[PROVIDED DATA — start]

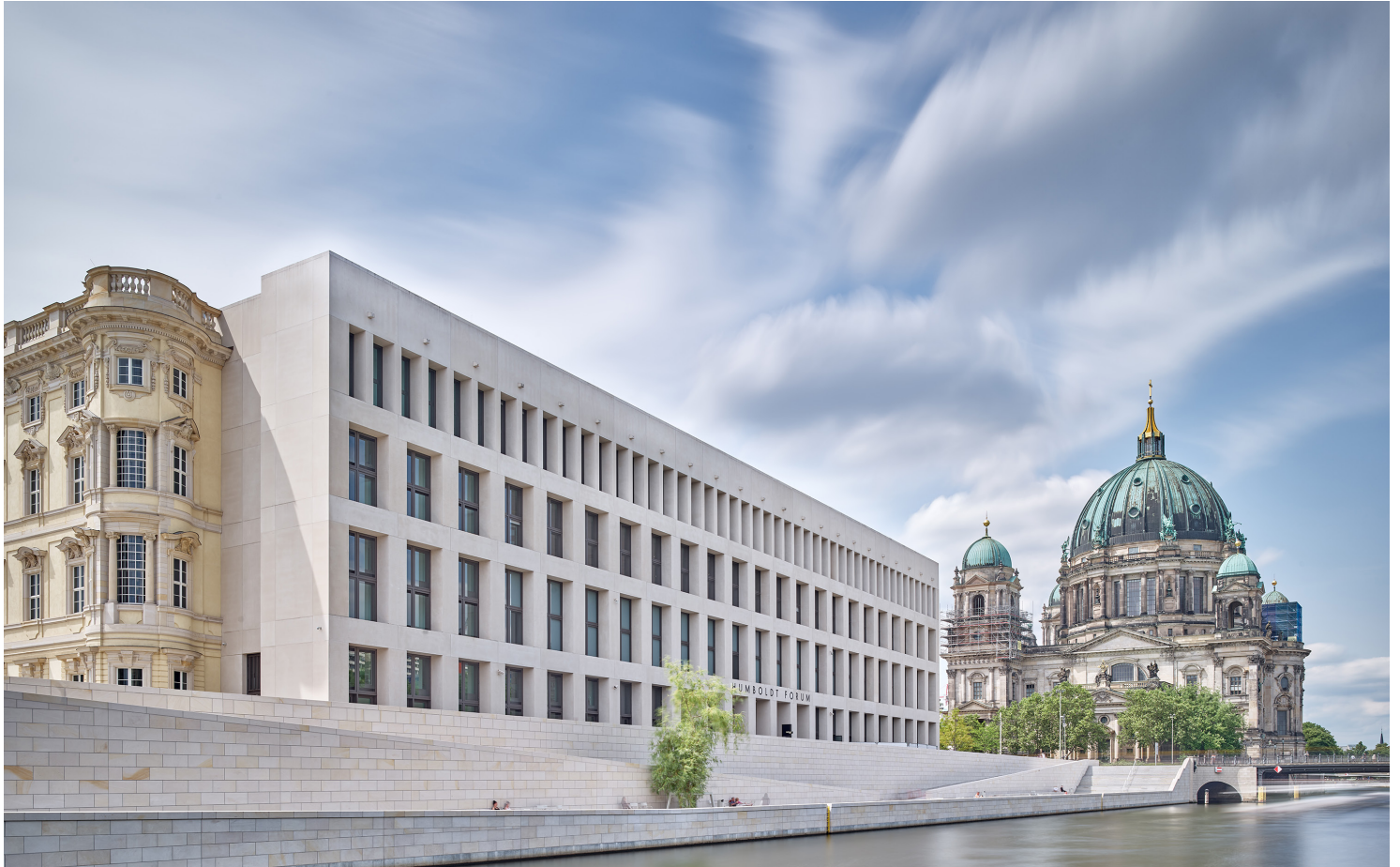
East Façade © Stiftung Humboldt Forum im Berliner Schloss / Photo: Alexander Schippel

The exterior areas of the Berlin Palace open up new access ways to the historical centre. On the eastern side, a new path to the Spree has been created: a 90-metre ramp linking the riverbank path with the Humboldt Forum. The ramp, along with all the other open spaces, was planned by bbz Landschaftsarchitekten Berlin. To the north, to the right and left of Portal 4, the new Palace Terraces make their mark on the Lustgarten area. Made of granite, the Palace Terraces offer a green setting with a view to the square, the Lustgarten, cathedral and Altes Museum, as well as Unter den Linden. On the terraces themselves, a planting pattern inspired by the historical design of garden architect Peter Joseph Lenné is taking shape, allowing visitors to experience the research and work of Alexander von Humboldt in the form of vegetation tableaux. They represent the three time zones of the continents which Humboldt visited: Eurasia, South America and North America.
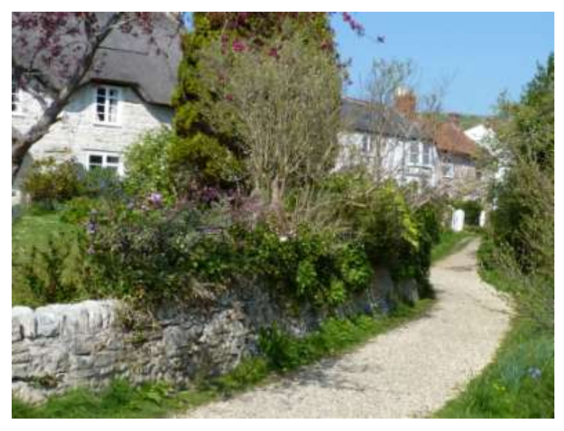
Terrace of cottages in Silver Street, next to Laurel cottage

A group of cottages along Silver Street (Ebenezer Cottage, Albert Cottage, Rose Cottage, No 3, and The Rest). Cottages in these locations are shown (along with other small cottages since disappeared) in the Tithe map. The Rest was originally two quite significant cottages, set in about half an acre and is said to have been referred to in a 17<sup>th</sup> C document. No 3 also had a reasonably large garden, but the other cottages were smaller, and set in a terrace. The present structure of these cottages is probably in the main late 19<sup>th</sup> C, although The Rest in particular may preserve some older structure. Nevertheless, these cottages all form an important component of the context for the group of Listed Buildings (Laurel Cottage, Blue Shutters, Sutton Mill and Sutton Mill House) in the same area.

[PROVIDED DATA — finish]

▶ WHAT THE EXERCISE ASKS
Exact retyping is needed for the line with "Terrace of cottages" and for each line after it through the end of the listing above; no other lines belong.

▶ SOLUTION
Terrace of cottages in Silver Street, next to Laurel cottage

A group of cottages along Silver Street (Ebenezer Cottage, Albert Cottage, Rose Cottage, No 3, and The Rest). Cottages in these locations are shown (along with other small cottages since disappeared) in the Tithe map. The Rest was originally two quite significant cottages, set in about half an acre and is said to have been referred to in a 17<sup>th</sup> C document. No 3 also had a reasonably large garden, but the other cottages were smaller, and set in a terrace. The present structure of these cottages is probably in the main late 19<sup>th</sup> C, although The Rest in particular may preserve some older structure. Nevertheless, these cottages all form an important component of the context for the group of Listed Buildings (Laurel Cottage, Blue Shutters, Sutton Mill and Sutton Mill House) in the same area.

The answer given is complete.